## [Collected material]
━━━━━━━━

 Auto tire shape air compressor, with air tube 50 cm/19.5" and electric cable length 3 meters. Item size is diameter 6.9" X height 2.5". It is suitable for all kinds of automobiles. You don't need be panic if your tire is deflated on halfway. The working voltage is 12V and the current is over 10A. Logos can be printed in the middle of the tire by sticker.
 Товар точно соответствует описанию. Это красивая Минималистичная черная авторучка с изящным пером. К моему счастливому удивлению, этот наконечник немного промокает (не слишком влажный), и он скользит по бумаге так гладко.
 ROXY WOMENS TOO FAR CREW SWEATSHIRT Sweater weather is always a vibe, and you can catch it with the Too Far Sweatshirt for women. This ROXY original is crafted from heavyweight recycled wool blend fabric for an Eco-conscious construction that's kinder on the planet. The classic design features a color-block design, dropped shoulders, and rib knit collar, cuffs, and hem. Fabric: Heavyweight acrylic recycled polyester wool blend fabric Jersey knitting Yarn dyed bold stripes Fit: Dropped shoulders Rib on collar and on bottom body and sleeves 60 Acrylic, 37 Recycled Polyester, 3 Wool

━━━━━━━━

## [What to work on]
Please count the lines in the data that include the word "with" and report the number by itself.

## [Result of the task]
2